*** EXERCISE MATERIAL ***

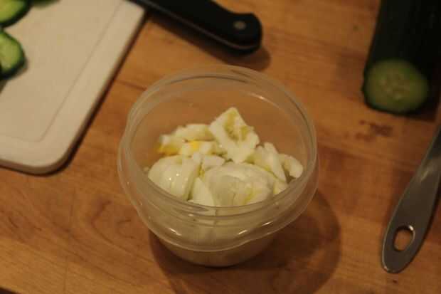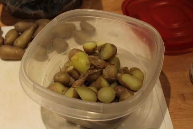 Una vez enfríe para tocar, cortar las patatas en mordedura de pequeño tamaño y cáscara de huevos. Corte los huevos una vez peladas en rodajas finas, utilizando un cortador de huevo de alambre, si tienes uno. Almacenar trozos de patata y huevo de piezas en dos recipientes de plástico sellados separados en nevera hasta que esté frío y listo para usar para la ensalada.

***
*** EXERCISE MATERIAL ***

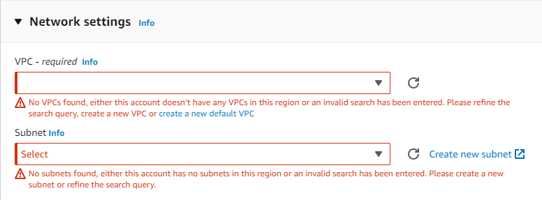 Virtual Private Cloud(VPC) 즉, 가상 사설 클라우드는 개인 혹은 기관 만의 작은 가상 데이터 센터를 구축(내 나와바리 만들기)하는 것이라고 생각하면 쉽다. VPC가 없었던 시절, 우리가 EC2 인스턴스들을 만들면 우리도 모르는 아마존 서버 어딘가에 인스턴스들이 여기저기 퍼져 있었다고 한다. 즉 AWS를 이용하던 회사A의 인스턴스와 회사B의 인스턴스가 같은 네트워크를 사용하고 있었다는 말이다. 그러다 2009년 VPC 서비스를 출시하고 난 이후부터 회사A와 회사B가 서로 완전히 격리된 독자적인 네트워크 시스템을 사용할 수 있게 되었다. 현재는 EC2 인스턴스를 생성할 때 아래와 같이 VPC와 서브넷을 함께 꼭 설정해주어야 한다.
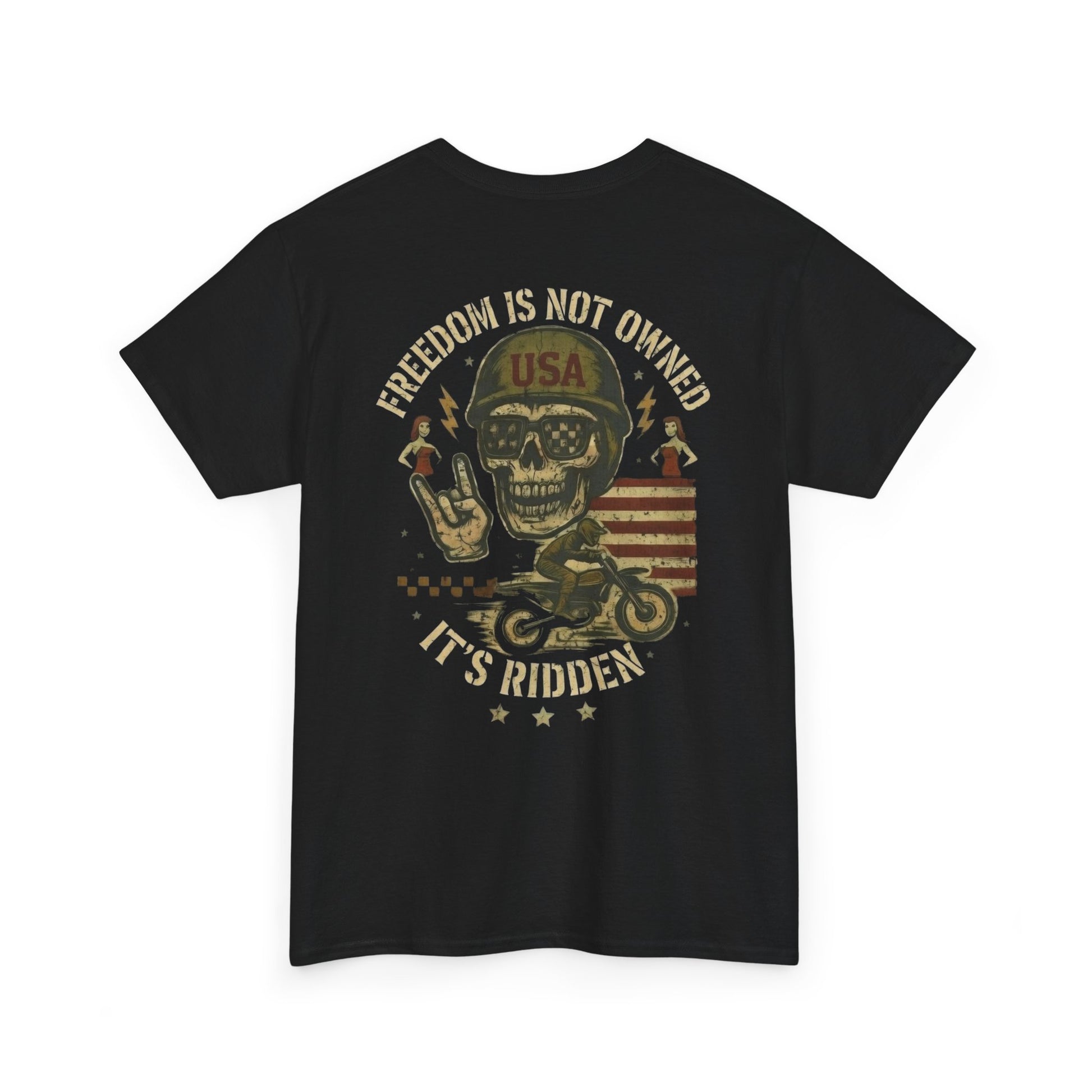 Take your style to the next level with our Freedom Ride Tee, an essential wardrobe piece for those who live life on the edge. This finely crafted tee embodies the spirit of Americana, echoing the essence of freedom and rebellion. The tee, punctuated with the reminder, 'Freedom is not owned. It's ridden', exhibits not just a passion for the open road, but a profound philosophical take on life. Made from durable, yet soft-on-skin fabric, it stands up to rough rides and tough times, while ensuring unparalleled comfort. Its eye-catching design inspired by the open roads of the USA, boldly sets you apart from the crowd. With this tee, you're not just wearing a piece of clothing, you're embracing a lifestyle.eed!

***
*** EXERCISE MATERIAL ***

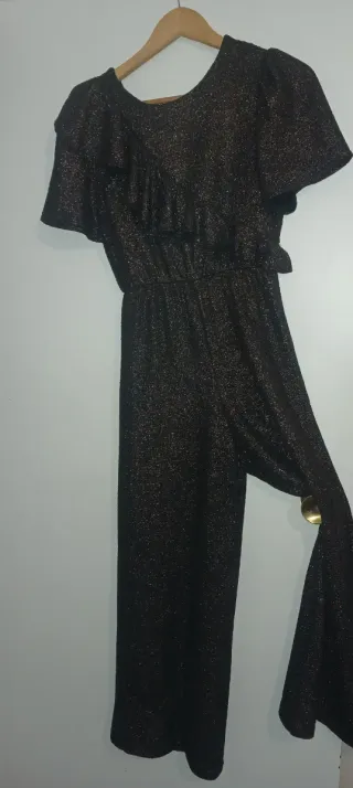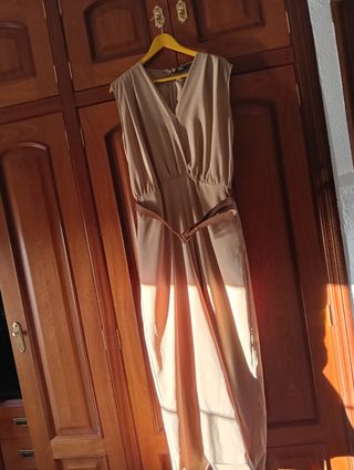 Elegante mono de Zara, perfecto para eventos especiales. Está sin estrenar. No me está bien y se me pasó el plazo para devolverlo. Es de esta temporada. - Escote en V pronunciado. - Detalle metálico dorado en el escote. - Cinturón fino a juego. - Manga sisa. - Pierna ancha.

***

ACTIVITY - Above this task is a listing with pictures in it. Retype only the lines from the one containing "Virtual Private Cloud(VPC)" through the one containing "Take your style", both included, and not the pictures.

FINISHED EXERCISE -
 Virtual Private Cloud(VPC) 즉, 가상 사설 클라우드는 개인 혹은 기관 만의 작은 가상 데이터 센터를 구축(내 나와바리 만들기)하는 것이라고 생각하면 쉽다. VPC가 없었던 시절, 우리가 EC2 인스턴스들을 만들면 우리도 모르는 아마존 서버 어딘가에 인스턴스들이 여기저기 퍼져 있었다고 한다. 즉 AWS를 이용하던 회사A의 인스턴스와 회사B의 인스턴스가 같은 네트워크를 사용하고 있었다는 말이다. 그러다 2009년 VPC 서비스를 출시하고 난 이후부터 회사A와 회사B가 서로 완전히 격리된 독자적인 네트워크 시스템을 사용할 수 있게 되었다. 현재는 EC2 인스턴스를 생성할 때 아래와 같이 VPC와 서브넷을 함께 꼭 설정해주어야 한다.
 Take your style to the next level with our Freedom Ride Tee, an essential wardrobe piece for those who live life on the edge. This finely crafted tee embodies the spirit of Americana, echoing the essence of freedom and rebellion. The tee, punctuated with the reminder, 'Freedom is not owned. It's ridden', exhibits not just a passion for the open road, but a profound philosophical take on life. Made from durable, yet soft-on-skin fabric, it stands up to rough rides and tough times, while ensuring unparalleled comfort. Its eye-catching design inspired by the open roads of the USA, boldly sets you apart from the crowd. With this tee, you're not just wearing a piece of clothing, you're embracing a lifestyle.eed!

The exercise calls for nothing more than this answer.